● **Description of the task**
Repeat precisely the span of lines below that opens with the line containing "As a solution" and closes with the line containing "2 | $10.00 |", both included.

● **Available records**
....
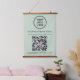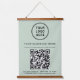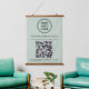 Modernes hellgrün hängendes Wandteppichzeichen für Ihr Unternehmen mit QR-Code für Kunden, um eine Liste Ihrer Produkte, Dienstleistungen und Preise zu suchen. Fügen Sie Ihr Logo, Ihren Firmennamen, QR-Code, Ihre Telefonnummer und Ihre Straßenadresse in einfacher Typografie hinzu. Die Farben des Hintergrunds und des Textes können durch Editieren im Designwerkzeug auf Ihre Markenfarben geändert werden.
....
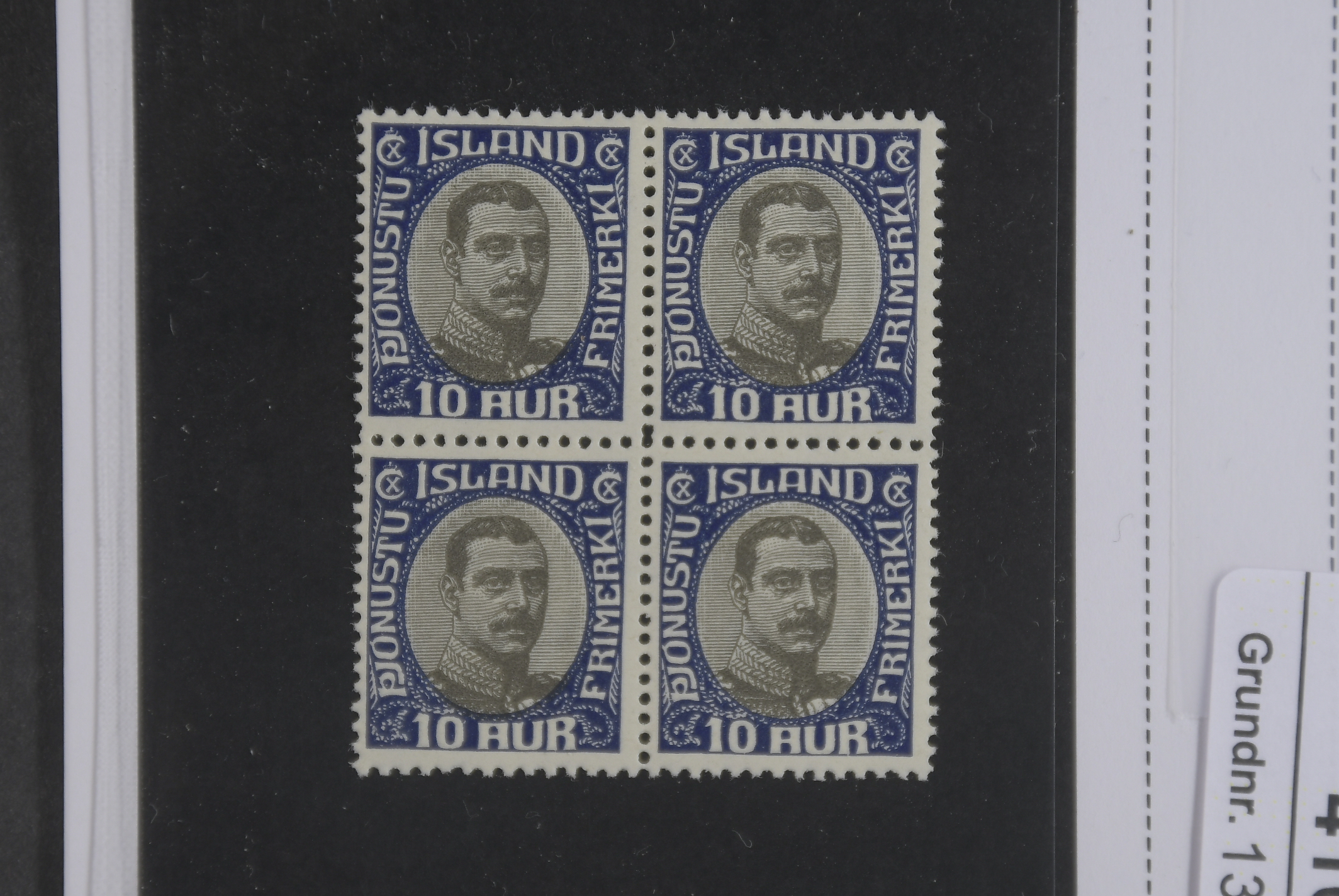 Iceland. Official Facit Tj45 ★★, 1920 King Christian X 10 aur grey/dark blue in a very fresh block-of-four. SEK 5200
....
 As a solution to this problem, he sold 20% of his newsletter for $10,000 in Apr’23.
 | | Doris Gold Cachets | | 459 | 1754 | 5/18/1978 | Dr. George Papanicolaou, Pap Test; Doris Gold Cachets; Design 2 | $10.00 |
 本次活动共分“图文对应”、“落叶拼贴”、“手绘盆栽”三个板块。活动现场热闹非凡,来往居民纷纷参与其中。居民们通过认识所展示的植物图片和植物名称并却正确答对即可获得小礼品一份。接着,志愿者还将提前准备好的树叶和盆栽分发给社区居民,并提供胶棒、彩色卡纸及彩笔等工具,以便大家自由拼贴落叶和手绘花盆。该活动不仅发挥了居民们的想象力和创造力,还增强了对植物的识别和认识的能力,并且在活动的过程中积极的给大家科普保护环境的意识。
....
● **Finished task**
 As a solution to this problem, he sold 20% of his newsletter for $10,000 in Apr’23.
 | | Doris Gold Cachets | | 459 | 1754 | 5/18/1978 | Dr. George Papanicolaou, Pap Test; Doris Gold Cachets; Design 2 | $10.00 |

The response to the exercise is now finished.